From the line with "1. Statistically significant" to the final line of the data below, please write out every line exactly, with no pictures.

_Dataset records_.
*-*-*

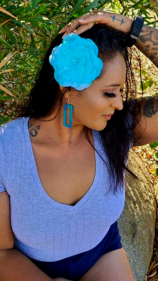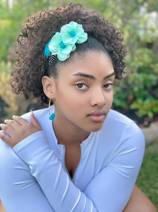 Turquoise Hair Flower & Earring Set
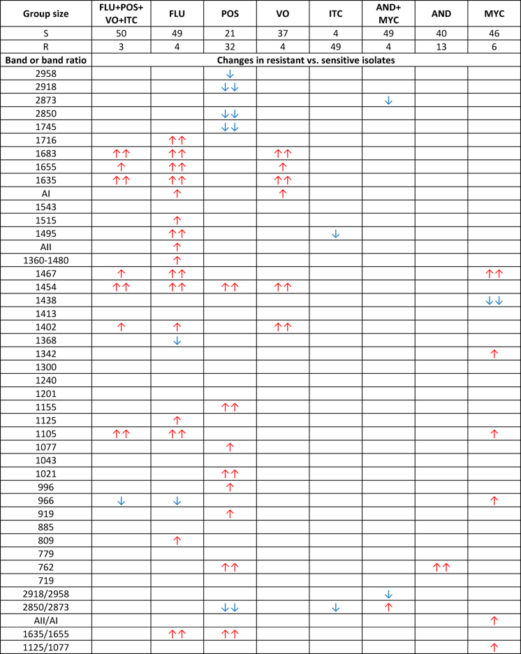 1. Statistically significant increases in the intensities of the analysed spectral parameters in isolates resistant to a given antifungal compared to sensitive ones are marked with red upward arrows, while decreases are marked with blue downward arrows. Differences significant at the level of p < 0.05 are indicated by double arrows and those significant at the level of p < 0.1 are indicated by single arrows. For each antifungal, the number of sensitive (S) and resistant (R) cases is provided.
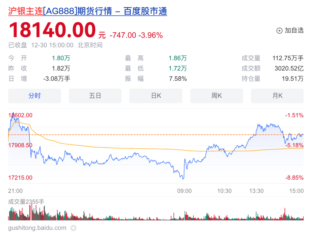 11月下旬以来,国内银价大涨。沪银主连数据显示,白银价格一路从每千克1.2万元上涨至1.8万元,涨幅高达50%。虽然银价在12月29日出现显著回调,但截至当晚11点,沪银主连仍然维持在每千克1.7万元以上。截至发稿,沪银主连涨到每千克1.8万元以上
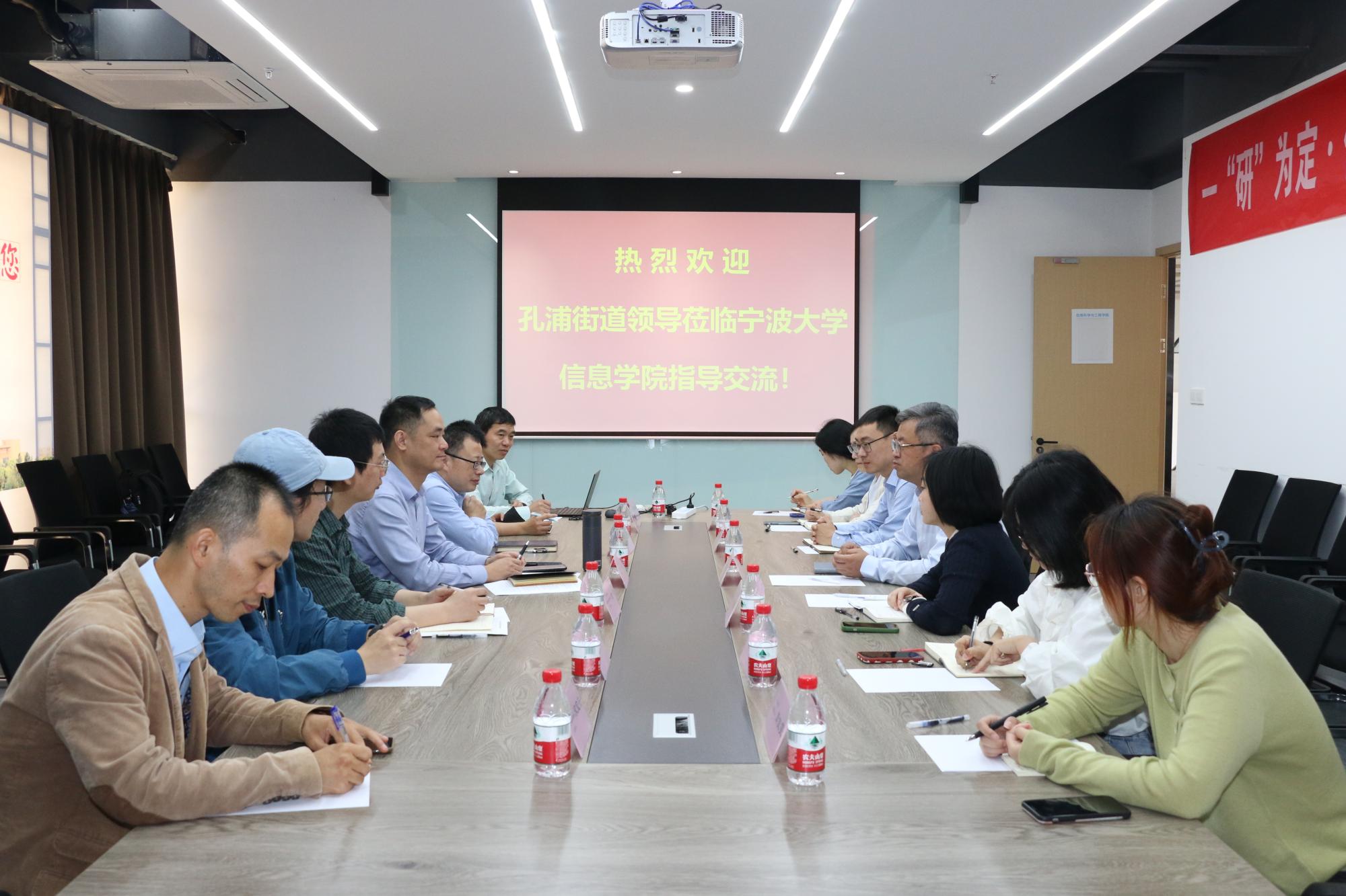 沈祥对孔浦街道领导的到来表示热烈的欢迎,并向来宾详细介绍学院的发展情况以及浙江省集成电路产业学院的建设和需求情况。通过采用人才引进和团队建设等方式,探索集成电路产业学院入驻孔浦街道的新思路,提出推进产业学院与地方深入、实质性地合作的系列办法。
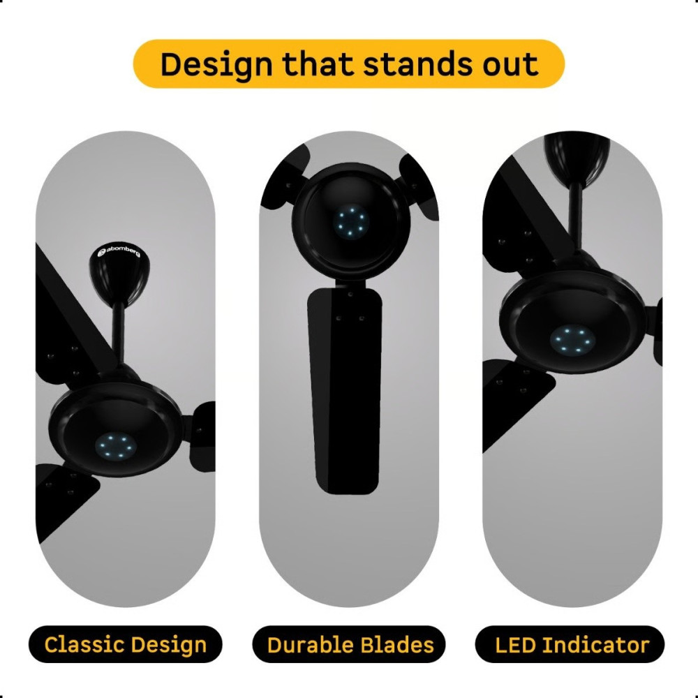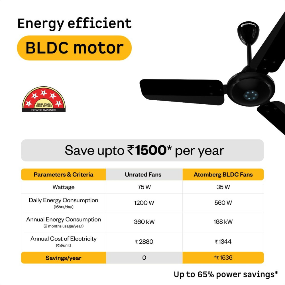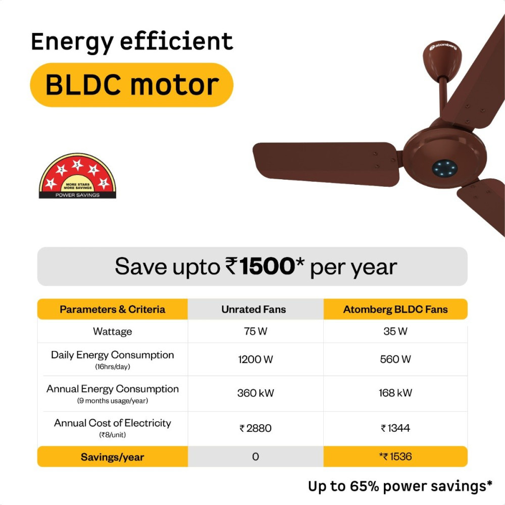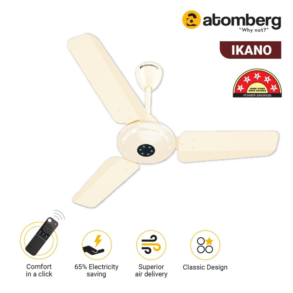 The Atomberg Ikano 1200mm ceiling fan features energy-efficient BLDC technology, providing superior air delivery of 235 CMM at 380 RPM while consuming only 28W (at speed 5). With a 5-star rating, the Ikano remote ceiling fan saves up to 65% in electricity consumption. The Ikano 1200mm ceiling fan includes a convenient IR remote for easy control of fan speed and has unique features like boost mode, timer, and sleep mode. With its classic-fan design and LED light, the Ikano ceiling fan enhances your home decor. The Ikano remote 1200mm ceiling fan provides consistent speed during voltage fluctuations and comes with a 2+1 year warranty. It is a perfect remote fan for your ceiling.

*-*-*

_Response below_.
 1. Statistically significant increases in the intensities of the analysed spectral parameters in isolates resistant to a given antifungal compared to sensitive ones are marked with red upward arrows, while decreases are marked with blue downward arrows. Differences significant at the level of p < 0.05 are indicated by double arrows and those significant at the level of p < 0.1 are indicated by single arrows. For each antifungal, the number of sensitive (S) and resistant (R) cases is provided.
 11月下旬以来,国内银价大涨。沪银主连数据显示,白银价格一路从每千克1.2万元上涨至1.8万元,涨幅高达50%。虽然银价在12月29日出现显著回调,但截至当晚11点,沪银主连仍然维持在每千克1.7万元以上。截至发稿,沪银主连涨到每千克1.8万元以上
 沈祥对孔浦街道领导的到来表示热烈的欢迎,并向来宾详细介绍学院的发展情况以及浙江省集成电路产业学院的建设和需求情况。通过采用人才引进和团队建设等方式,探索集成电路产业学院入驻孔浦街道的新思路,提出推进产业学院与地方深入、实质性地合作的系列办法。
 The Atomberg Ikano 1200mm ceiling fan features energy-efficient BLDC technology, providing superior air delivery of 235 CMM at 380 RPM while consuming only 28W (at speed 5). With a 5-star rating, the Ikano remote ceiling fan saves up to 65% in electricity consumption. The Ikano 1200mm ceiling fan includes a convenient IR remote for easy control of fan speed and has unique features like boost mode, timer, and sleep mode. With its classic-fan design and LED light, the Ikano ceiling fan enhances your home decor. The Ikano remote 1200mm ceiling fan provides consistent speed during voltage fluctuations and comes with a 2+1 year warranty. It is a perfect remote fan for your ceiling.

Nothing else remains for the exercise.